There are two sets of methods that are explained below:

  • gather() and spread() from the tidyr package. This is a newer interface to the reshape2 package.
  • melt() and dcast() from the reshape2 package.

There are a number of other methods which aren’t covered here, since they are not as easy to use:

  • The reshape() function, which is confusingly not part of the reshape2 package; it is part of the base install of R.
  • stack() and unstack()

Sample data

These data frames hold the same data, but in wide and long formats. They will each be converted to the other format below.

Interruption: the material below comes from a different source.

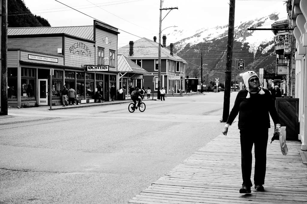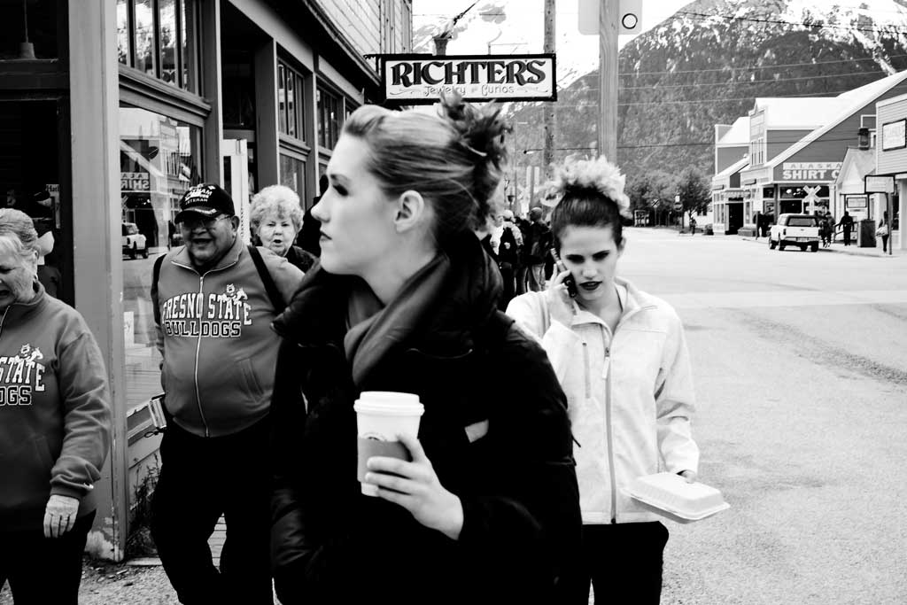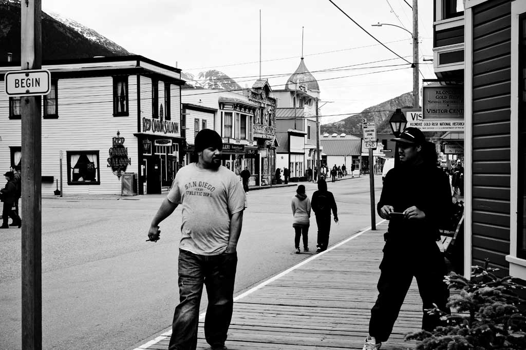 Ein US Grenzsoldat steigt in unseren Waggon. Kurzgeschorene Haare, Schutzweste und Pistolengürtel. Wir wollen einreisen in sein Heimatland. Sein Land, das er mit Haut und Haar verteidigen wird. Koste es, was es wolle. Uns kostete es vor allem eines: Zeit und Nerven. Einzeln müssen wir uns in das Grenzhäuschen am Bahnhof einfinden. Fotos und Fingerprints. Ich stehe mit zwei chinesischen Kolleginnen am Ende der Reihe. Als ich endlich mein Einreisevisum in die USA in der Tasche habe, ist die eine Stunde um, die für die Stadtbesichtigung in Skagway vorgesehen war. Gut 20 Minuten Verlängerung wird uns gegeben. Ich laufe in das Städtchen, das nach einer Mischung aus Westernstadt und moderner Einkaufspassage aussieht. Die Straßen sind erstaunlich leer. Wenn im Hafen die großen Cruiseships anlegen strömen Tausende Menschen in den Ort. Bevor sie einfallen, laufe ich zum Bus, der uns ins gelobte Land, zurück nach Kanada bringt.

  1. olddata_wide <- read.table(header=TRUE, text='
  2. subject sex control cond1 cond2
  3. 1 M 7.9 12.3 10.7
  4. 2 F 6.3 10.6 11.1
  5. 3 F 9.5 13.1 13.8
  6. 4 M 11.5 13.4 12.9
  7. ')
  8. # Make sure the subject column is a factor
  9. olddata_wide$subject <- factor(olddata_wide$subject)
  1. olddata_long <- read.table(header=TRUE, text='
  2. subject sex condition measurement
  3. 1 M control 7.9
  4. 1 M cond1 12.3
  5. 1 M cond2 10.7
  6. 2 F control 6.3
  7. 2 F cond1 10.6
  8. 2 F cond2 11.1
  9. 3 F control 9.5
  10. 3 F cond1 13.1
  11. 3 F cond2 13.8
  12. 4 M control 11.5
  13. 4 M cond1 13.4
  14. 4 M cond2 12.9
  15. ')
  16. # Make sure the subject column is a factor
  17. olddata_long$subject <- factor(olddata_long$subject)

tidyr

From wide to long

Use gather:

  1. olddata_wide
  2. #> subject sex control cond1 cond2
  3. #> 1 1 M 7.9 12.3 10.7
  4. #> 2 2 F 6.3 10.6 11.1
  5. #> 3 3 F 9.5 13.1 13.8
  6. #> 4 4 M 11.5 13.4 12.9
  7. library(tidyr)
  8. # The arguments to gather():
  9. # - data: Data object
  10. # - key: Name of new key column (made from names of data columns)
  11. # - value: Name of new value column
  12. # - ...: Names of source columns that contain values
  13. # - factor_key: Treat the new key column as a factor (instead of character vector)
  14. data_long <- gather(olddata_wide, condition, measurement, control:cond2, factor_key=TRUE)
  15. data_long
  16. #> subject sex condition measurement
  17. #> 1 1 M control 7.9
  18. #> 2 2 F control 6.3
  19. #> 3 3 F control 9.5
  20. #> 4 4 M control 11.5
  21. #> 5 1 M cond1 12.3
  22. #> 6 2 F cond1 10.6
  23. #> 7 3 F cond1 13.1
  24. #> 8 4 M cond1 13.4
  25. #> 9 1 M cond2 10.7
  26. #> 10 2 F cond2 11.1
  27. #> 11 3 F cond2 13.8
  28. #> 12 4 M cond2 12.9

In this example, the source columns that are gathered are specified with control:cond2. This means to use all the columns, positionally, between control and cond2. Another way of doing it is to name the columns individually, as in:

  1. gather(olddata_wide, condition, measurement, control, cond1, cond2)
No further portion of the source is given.